Разместившись кое-как в узком пенале, мы нашли белье и застелили детям койки, и я выглянул в иллюминатор. За стеклом покачивались камыши и полоска песка на другом берегу Шельды. Далее колыхались равнины желтой сухой травы. Погоня опоздала, а может, за нами никто не гнался. Раздался гудок, Анна склонила голову мне на плечо, и так мы вышли в осеннее море.
VI
Следователь вынул из папки анкету и положил ее на стол рядом с опросным листом. Некоторое время он сверял написанное, водил карандашом по строчкам, что-то отчеркивал и в конце концов посмотрел на меня. Затем улыбнулся. Я улыбался в ответ, помня, что все пункты заполнил одинаково что в Антверпене, что полчаса назад, употребив лишь кое-где разные слова. Но под сердцем, конечно, нестерпимо ныло: например, в строке «Социальное происхождение, род занятий родителей» стояло «сторож совхоза, домохозяйка», и если они поднимали для проверки дело отца, то сейчас должны были об этом спросить. Еще больше пугало «В каких лагерях военнопленных были» — я продлил себе срок в Сувалках на полгода, затем поместил себя сразу в Каунас, что выглядело правдоподобно, так как между этими городами было около ста километров; но если они все же достали документы народной армии, то должны задержать меня для выяснения обстоятельств. Конечно, в листе был и вопрос о службе в армии противника, но, к счастью, в формулировке не упоминались национальные формирования, чего я боялся, и поэтому, отвечая «нет», я не врал. Также я надеялся, что если наша народническая эпопея вскроется, то меня как non-combattant определят под надзор или дадут штраф или, может быть, даже условный срок, но все-таки не отправят в Сибирь. В вопросе о репрессиях со стороны немцев я поставил прочерк и об истории с эсэсовцем и допросом Каратовского промолчал. Как лица, способные подтвердить обстоятельства моего плена и пребывания в каунасских фортах, в листе оказались Костя и Полуект, а для Нацвейлера — Радченко и Никулин. Насчет Сувалок я колебался — не писать никого или написать врача Федорова, — и все-таки написал, что все, кого я знал по фамилии, погибли.
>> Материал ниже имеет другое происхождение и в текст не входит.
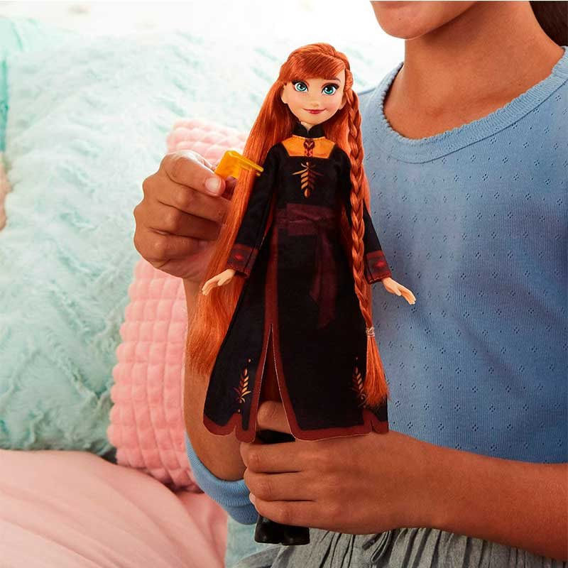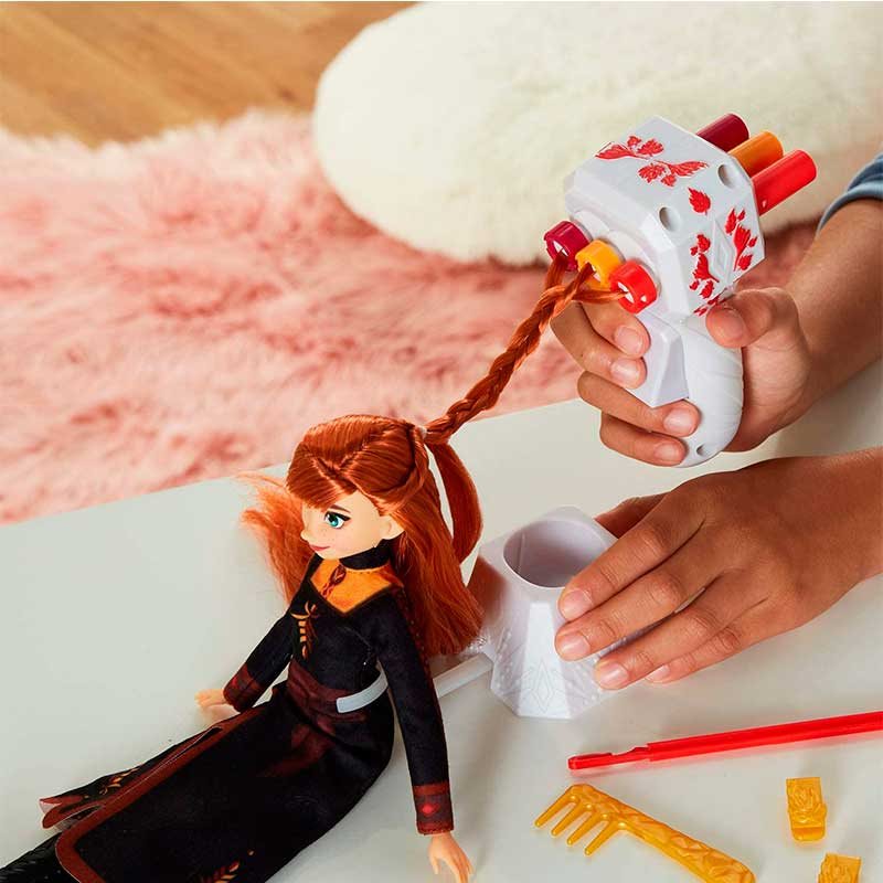 Llega uno de los personajes favoritos de Frozen, Anna, con un vestido negro muy elegante y con bonitos detalles rojos y naranjas. Tiene el pelo extra largo también en color rojo, con la que tu peque se divertirá haciéndole divertidas trenzas. Incluye una herramienta mecánica de trenzado manual muy fácil de usar: sólo tiene que insertar el gancho en la trenzadora y colocar un mechón de pelo en el gancho. Al tirar, saldrá por el otro extremo para luego levantar el trenzado de la base y pulsar el botón repetidamente para trenzar. Podrá repetirlo tantas veces como quiera hasta conseguir el peinado que más le guste.

«Сергей Дмитриевич, — выдержав паузу, сказал следователь, свойства которого я быстро забыл, он был свежий, бритый, в его глазах не было ничего, ни страха, ни ярости, ни даже цепкости. — Вы указали, что совершили побег в конце июня сорок четвертого года в окрестностях города Лонгви и через несколько дней с помощью местных жителей нашли убежище в поселке Профондевиль. То есть это был уже июль. В то время в данном районе Бельгии действовало несколько советских партизанских отрядов. Вот, например, группа Зубарева. Или бригада подполковника Шукшина. Вы что-то слышали о них? Разве местные жители не предлагали вам к ним присоединиться?» Я помотал головой и почему-то вспомнил, что, когда меня фотографировали и брали отпечатки пальцев, все сотрудники молчали. «Да? А ведь много наших беглых военнопленных там сражалось и полегло… Ну, допустим. А почему вы так долго жили в Шарлеруа? В этом городе был фильтрпункт под контролем американцев. Почему вы не вернулись раньше?» Вздохнув, я все объяснил про страх наказания за плен, затем про Анну и про родных. Майор долго уточнял даты, расспрашивал о Леоне и его друзьях и невзначай заметил: «Если бы вы, Сергей Дмитриевич, явились на встречу с советской миссией, оказались бы дома еще четыре года назад и увидели бы своих родных. Кто знает, что с ними случилось за это время».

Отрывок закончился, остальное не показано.